Cartel Blue announced its plans to formalize their business presence in Ft. Lauderdale, Florida and decision to locate new facilities in the Opportunity Zone of this region to support the manufacture and distribution of all of its products. The new 20,000 Sq. Ft. facility will be converted into a 3,000 light hydroponic grow operation for boutique hemp cultivation which will be used to formulate and manufacture CBD oil products, THC 0.3 THC (psychoactive compound delta-9-and delta-8-tetrahydrocannabinol) dissolute, CBD oil, edible gummies, vape pens and hemp cigar products, and will include equipped manufacturing suites, packaging and labeling equipment, and distribution center. The grow facility will also support hemp sales to wholesalers in the secondary market.
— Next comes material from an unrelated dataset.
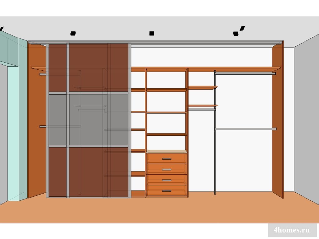 Каждый вид конструкции должен подпадать под общее правило: под штанги с вешалками нужно отводить в три раза больше места, чем под полки.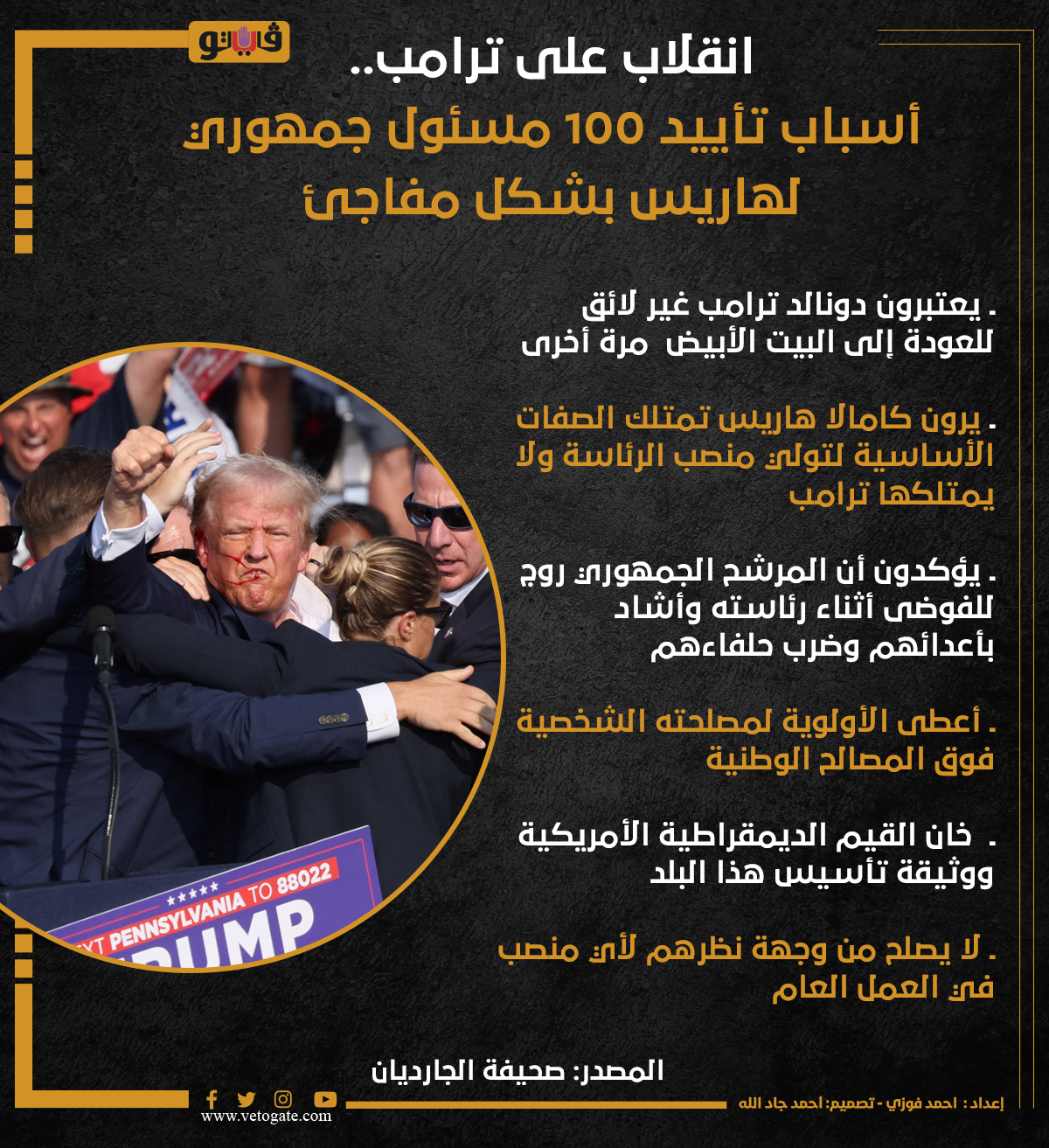 انقلاب على ترامب.. أسباب تأييد 100 مسئول جمهوري لهاريس بشكل مفاجئ (إنفوجراف) الخميس 19/سبتمبر/2024 - 09:30 م 9/19/2024 9:30:56 PM ترامب وهاريس، فيتو احمد فوزي شارك طباعة 18 حجم الخط شارك طباعة هاريس كامالا هاريس ترامب دونالد ترامب منصب الرئاسة القيم الديمقراطية الأمريكية

Cartel Blue's CEO, Philip Moreb explained that the Company's decision to expand manufacturing in the Opportunity Zone in Ft. Lauderdale for production of all of its products, was influenced by the hemp and CBD industry friendly policies in this region of Florida, reduced facility overhead costs for leased property, tax-free/pro-business policies, and close proximity to air and sea terminals to support product distribution - domestically and into the EU. Additionally, Cartel Blue's President, Phillip LaRocca, Judge retired, will oversee and manage the conversion and operations of the new facilities. The Company plans to retain a warehouse/distribution facility in Palm Springs, California which will be managed by Mr. Moreb to support West Coast U.S. distribution, that will include a showroom for retail customers.
Mr. Moreb also announced Cartel Blue is formalizing terms with distribution partners in the EU to distribute hemp cigar products to retailers in the EU. The Company expects the new facility to produce 300,000 hemp cigars per month, to supply the US and EU markets.